#### Exercise prompt
Only the lines from the line containing "Lot de couteaux" to the end of the material belong in the copy; set them down exactly, without pictures.

#### Given data
+++

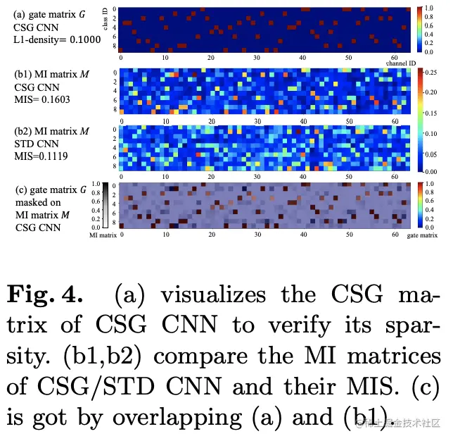 - 图a表明CSG训练能得到稀疏的CSG矩阵,每个卷积核仅对应一个或少量类别。
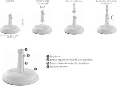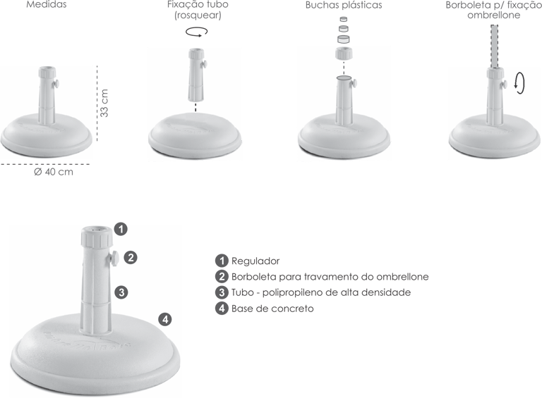 Base concreto expandido pintado e tubo desmontável em polipropileno injetado de alta densidade. Com 3 buchas plásticas para regular o diâmetro interno do tubo, esta base é ideal para guarda-sol e ombrelones de pequeno porte, com tubos de diâmetro até 48mm em locais com incidência de ventos até 20km/h. Fácil de limpar e resistente, este produto traz uma ótima relação custo x benefício e dimensões compactas. Para uma maior vida útil e quando for necessária a mudança de local do ombrelone, aconselhamos não arrastar. Limpeza periódica com água e detergente neutro assegura uma melhor aparência e evita o acúmulo de manchas de difícil remoção.
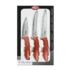Lot de couteaux 3 pièces, composé de : un couteau à légumes (11 cm), un couteau universel (13 cm) et un économe (11 cm), inoxydables et lames dentées, poignée en plastique avec Microban (antibactérien), couleur des poignées : rouge, livrés dans une boîte
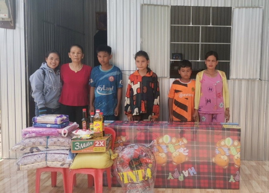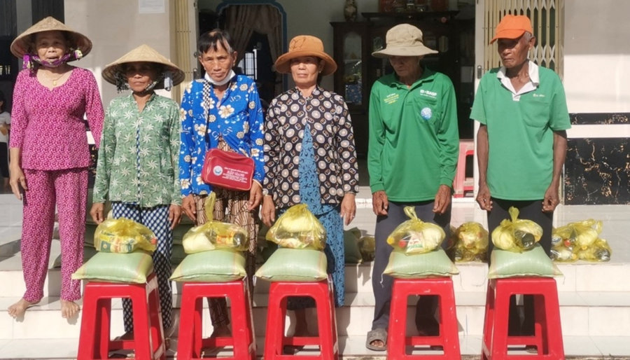 Ảnh: Bà Nguyễn Thị Kim Liên (ngoài cùng, bìa trái) vận động trao quà cho hộ nghèo trên địa bàn ấp Hòa Tạo.

+++

#### Final answer
Lot de couteaux 3 pièces, composé de : un couteau à légumes (11 cm), un couteau universel (13 cm) et un économe (11 cm), inoxydables et lames dentées, poignée en plastique avec Microban (antibactérien), couleur des poignées : rouge, livrés dans une boîte
 Ảnh: Bà Nguyễn Thị Kim Liên (ngoài cùng, bìa trái) vận động trao quà cho hộ nghèo trên địa bàn ấp Hòa Tạo.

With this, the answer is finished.